Thursday, November 21, 2024
Sweet FootJourneys

Sweet FootJourneys

Dulcet Peregrinations

Althea and the LibraryWritings

Taking Control

I’d like to say that I reacted rationally, but anger rose up in me like someone lit a gas burner. I wasn’t angry at Pintor. He was just as much caught in this web as any of us. All my anger focused on the Guardian, the creeping leafy face for everything that was controlling us. I got up and went to the door.

“Where are you going?” asked Pintor. I stopped and looked at him and he could see my rage.

“Look, Althea, I know you’re angry, but there may be a way to fix this. At least Theo thought there was.”

I listened.

“Theo seems to believe this whole thing is his fault. That it was because he discovered the planet Lux. I tend to think that if not him, it would be someone else, but he disagrees with me. He sent me back to ask you to return to Earth at a time before he goes to a place called Tenerife. He said he’s twenty-five when he decides to go. You need to tell him not to.”

“That simple, huh? Is it that easy to change the universe? One person doesn’t go somewhere? This is insanity! I might look like a child, but I’m not a child anymore. I’m tired of being moved around like a pawn. I demand to know what’s really going on!”

I directed the last words toward the corners of the ceiling like there was a hidden camera somewhere. If there was, I didn’t see it. Taking my cue, Pintor looked up, too. In the silence, nothing happened.

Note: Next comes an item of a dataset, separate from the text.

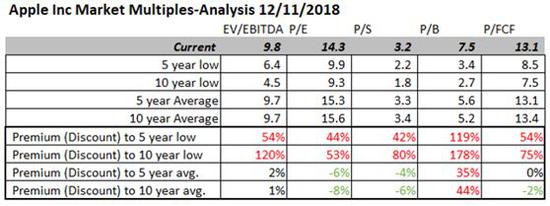 下表总结了苹果目前与5年及10年平均水平以及最低水平的估值差异,可以看出,相对于平均水平,公司估值总体还是较为合理,但若考虑历史低点,公司股价仍有下跌空间。

No one responded.

“What if there isn’t an answer,” Pintor said quietly. “What if this – this, uh, emptiness is all there is.”

“You may be right,” I said. “But we have to operate as if there is something more. If it’s meaningless, we’re lost already.”

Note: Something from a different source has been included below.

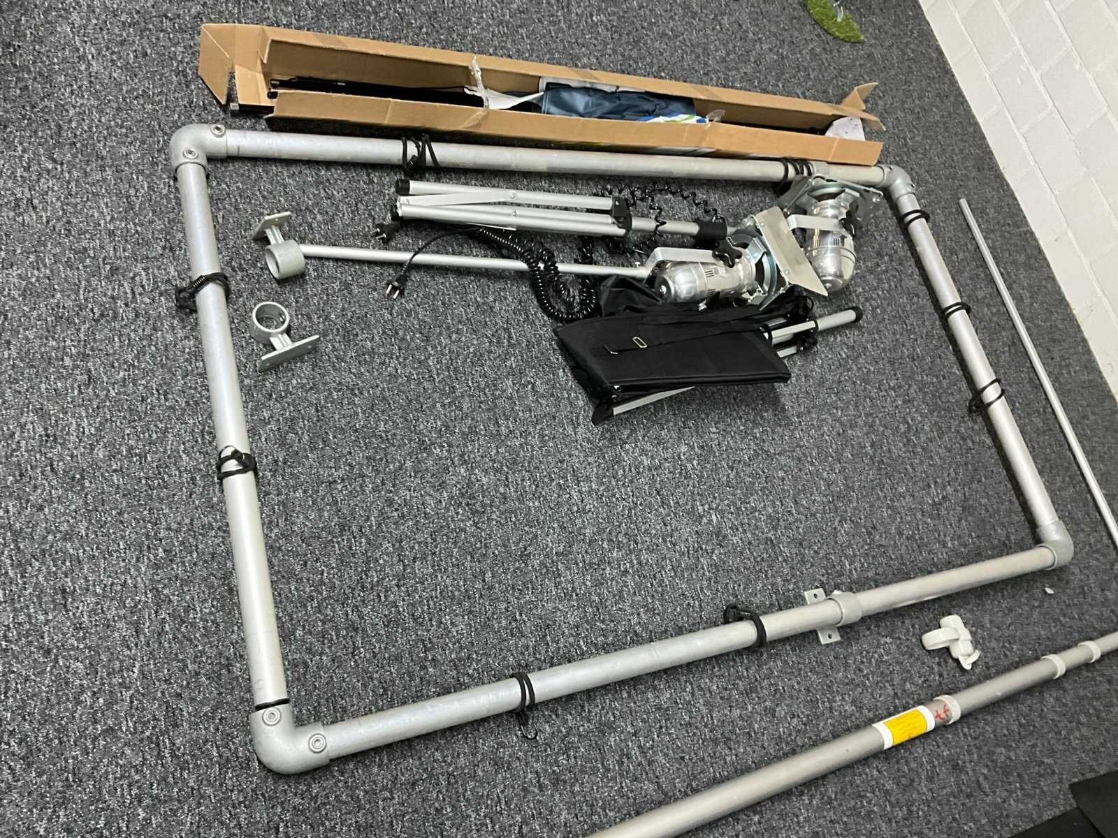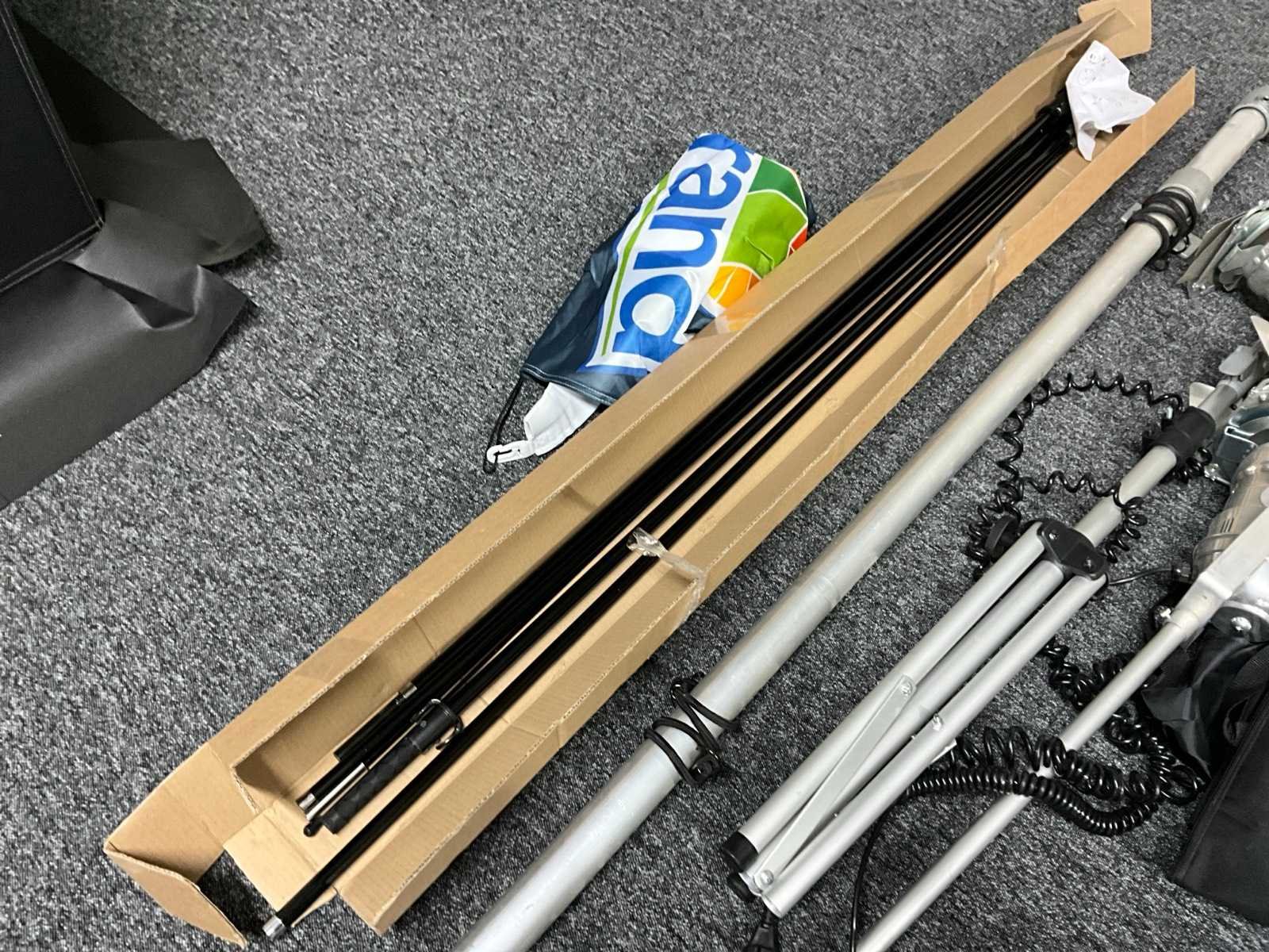 Inclusief beachvlag met 2x mast, 2x lamp op statief, spandoekframe afmeting binnenmaat circa: 1680x960 mm, afmeting uitschuifbare vlaggenmast circa 1260x1860 mm .

“Do you believe we have a creator?”

“Yes. How would we be here otherwise? Nothing comes from nothing. It’s just a matter of whether or not the creator is benevolent or malevolent. I haven’t figured that out yet.”

“What if it’s not either or?”

“Indifferent, you mean? What if the creator just doesn’t really care? I don’t know. Something tells me that’s not true. I just don’t understand it and it’s making me crazy. I don’t have a home anymore. We had our home growing up, but it was just a hollow shell. Earth is more a home to me, but here I study while the earth is passing away, about to be destroyed by the people from Anches’ world. Anches! How could it be? It just doesn’t make any sense. And now, the next “move” is to go see Theo and set his “move” into play. The manipulation is too much. I just can’t stand being in the dark not knowing what’s going on. In the dark, it’s too easy to unknowingly mess it all up. In the dark, it’s too easy to cause the very thing you’re trying to prevent.”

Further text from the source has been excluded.